◆ Task to complete ◆
Output each record below exactly as it stands, leaving out the pictures.
--- Data provided ---
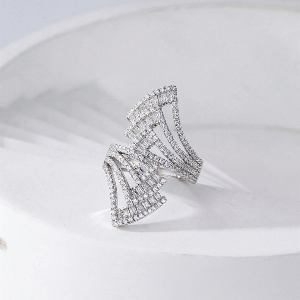 แหวนเงิน S925หญิงแบบดั้งเดิมเครื่องประดับที่ดีในห้องปฏิบัติการฝังเพชรการออกแบบทางเรขาคณิตปูการตั้งค่าโรเดียมที่ทันสมัยครบรอบ
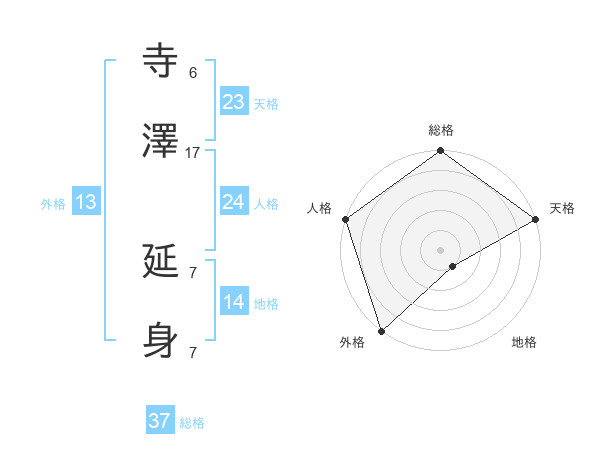 寺澤 延身さんの総格は37画の5点!
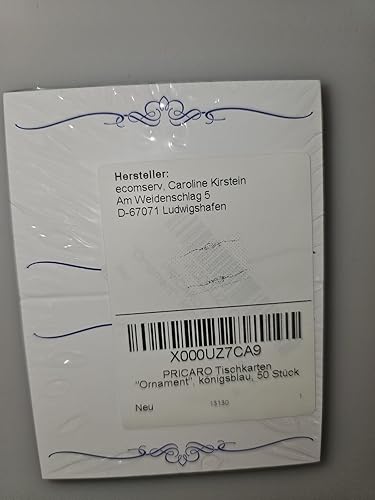 PRICARO Cartes de Place Ornement, Bleu Royal, 50 pièces
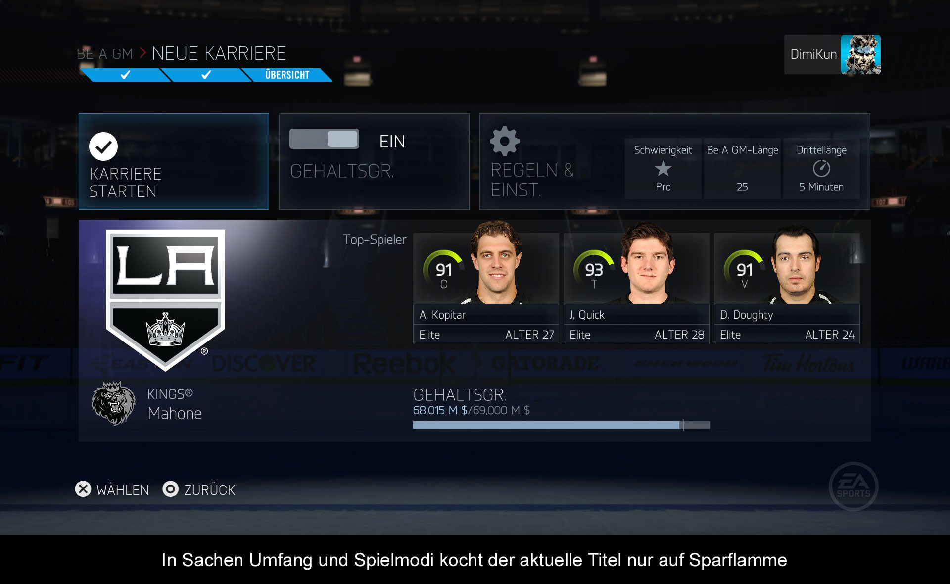 Ähnlich sieht das Geschehen auch beim Be A GM Modus aus, wo man auf der PS4 leider nur ein Team der NHL leiten kann. Dies ist natürlich umso bedauerlicher, wenn man bedenkt, dass das Spiel auch die offizielle DEL Lizenz besitzt. Ähnlich, wie beim Be A Pro Mode ist der Handlungsbereich relativ eingeschränkt, was man unter anderem am automatisierten Draft-Prozess sieht. Das Einzige was man noch beeinflussen kann ist die Kader- und Managementplanung. Und auch der Ultimate Tam Modus kommt nicht ohne Cuts aus. So gibt es beispielsweise weder Turniere noch die Möglichkeit gegen seine Freunde zu spielen. Stattdessen gibt es nur begrenzt spannende 1 vs 1 Duelle, die man entweder online oder offline bestreiten kann. Wer sich damit jedoch abfinden kann bekommt einen mächtigen Modus, wo man ganz nach eigenem Belieben sein eigenes Team zusammenstellen kann. Es wäre jedoch wünschenswert gewesen, wenn es noch mehr Herausforderungen für die eigene Mannschaft geben würde. Und so besteht auch trotz zahlreicher Kaderentwurfsmöglichkeiten die Gefahr, dass die Luft aus dem Modus ganz schnell wieder raus ist.Die große Anzahl an gekürzten Modi und Features ist nicht nur schockierend, sondern auch enttäuschend. Insbesondere wenn man bedenkt, dass das Spiel nach wie vor zum Vollpreis angeboten wird. Es bleibt zu hinterfragen, was der Grund für das Fehlen besagter Features ist. Zeit? Geld? Ich kann es euch leider nicht sagen. Bislang weiß man nur, dass einige Features via Patches hinzugefügt werden soll. Und weitere werden wohl nächstes Jahr in Form eines „neuen“ Spiels präsentiert.
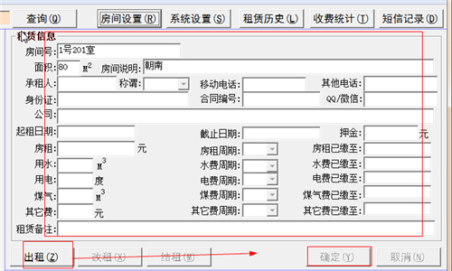 2、这时就能在这里进行相关输入,设置完成就点击【出租】,在然后选择“确定”
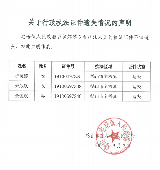關(guān)于行政執(zhí)法證件遺失情況的聲明
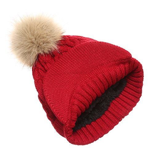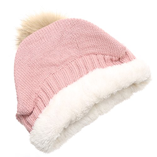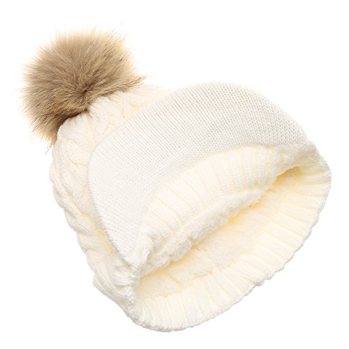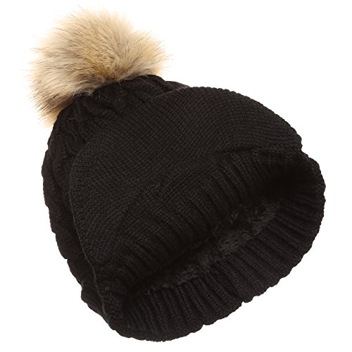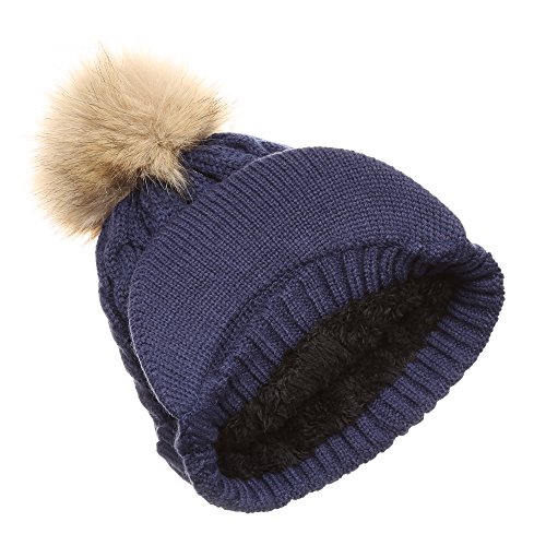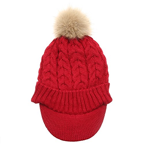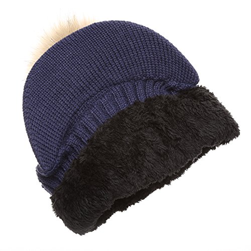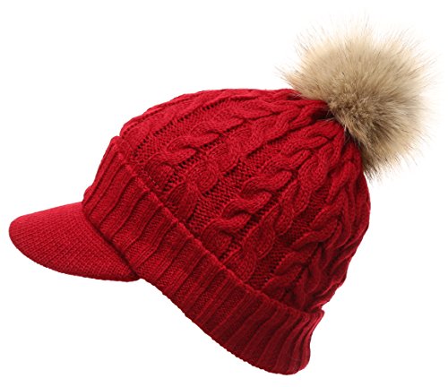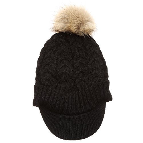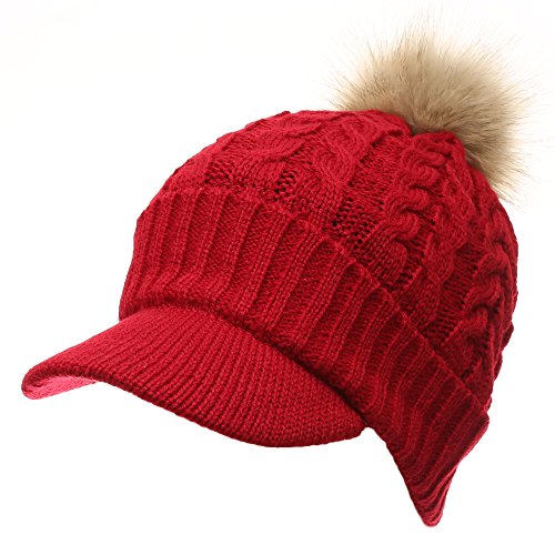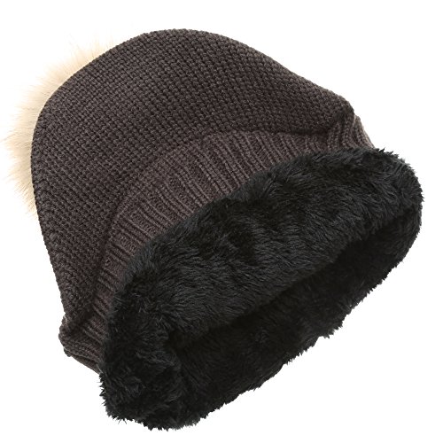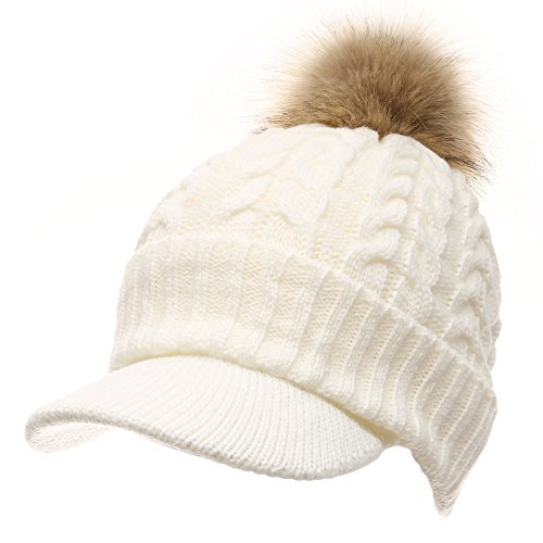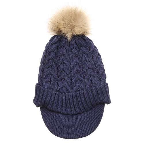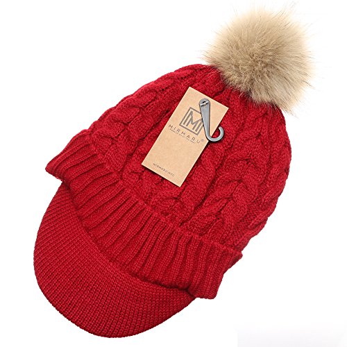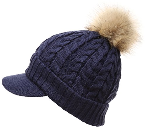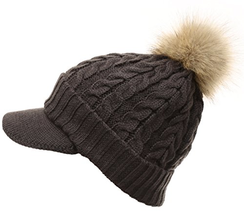 | (MIRMARU)/Accessories/Hats/DIRECT FROM USA/MIRMARU Women's Winter Warm Cable Knitted Visor Brim Pom Pom Beanie Hat With Soft Plush Lining. |
---
◆ Solution for this problem ◆
 แหวนเงิน S925หญิงแบบดั้งเดิมเครื่องประดับที่ดีในห้องปฏิบัติการฝังเพชรการออกแบบทางเรขาคณิตปูการตั้งค่าโรเดียมที่ทันสมัยครบรอบ
 寺澤 延身さんの総格は37画の5点!
 PRICARO Cartes de Place Ornement, Bleu Royal, 50 pièces
 Ähnlich sieht das Geschehen auch beim Be A GM Modus aus, wo man auf der PS4 leider nur ein Team der NHL leiten kann. Dies ist natürlich umso bedauerlicher, wenn man bedenkt, dass das Spiel auch die offizielle DEL Lizenz besitzt. Ähnlich, wie beim Be A Pro Mode ist der Handlungsbereich relativ eingeschränkt, was man unter anderem am automatisierten Draft-Prozess sieht. Das Einzige was man noch beeinflussen kann ist die Kader- und Managementplanung. Und auch der Ultimate Tam Modus kommt nicht ohne Cuts aus. So gibt es beispielsweise weder Turniere noch die Möglichkeit gegen seine Freunde zu spielen. Stattdessen gibt es nur begrenzt spannende 1 vs 1 Duelle, die man entweder online oder offline bestreiten kann. Wer sich damit jedoch abfinden kann bekommt einen mächtigen Modus, wo man ganz nach eigenem Belieben sein eigenes Team zusammenstellen kann. Es wäre jedoch wünschenswert gewesen, wenn es noch mehr Herausforderungen für die eigene Mannschaft geben würde. Und so besteht auch trotz zahlreicher Kaderentwurfsmöglichkeiten die Gefahr, dass die Luft aus dem Modus ganz schnell wieder raus ist.Die große Anzahl an gekürzten Modi und Features ist nicht nur schockierend, sondern auch enttäuschend. Insbesondere wenn man bedenkt, dass das Spiel nach wie vor zum Vollpreis angeboten wird. Es bleibt zu hinterfragen, was der Grund für das Fehlen besagter Features ist. Zeit? Geld? Ich kann es euch leider nicht sagen. Bislang weiß man nur, dass einige Features via Patches hinzugefügt werden soll. Und weitere werden wohl nächstes Jahr in Form eines „neuen“ Spiels präsentiert.
 2、这时就能在这里进行相关输入,设置完成就点击【出租】,在然后选择“确定”
關(guān)于行政執(zhí)法證件遺失情況的聲明
 | (MIRMARU)/Accessories/Hats/DIRECT FROM USA/MIRMARU Women's Winter Warm Cable Knitted Visor Brim Pom Pom Beanie Hat With Soft Plush Lining. |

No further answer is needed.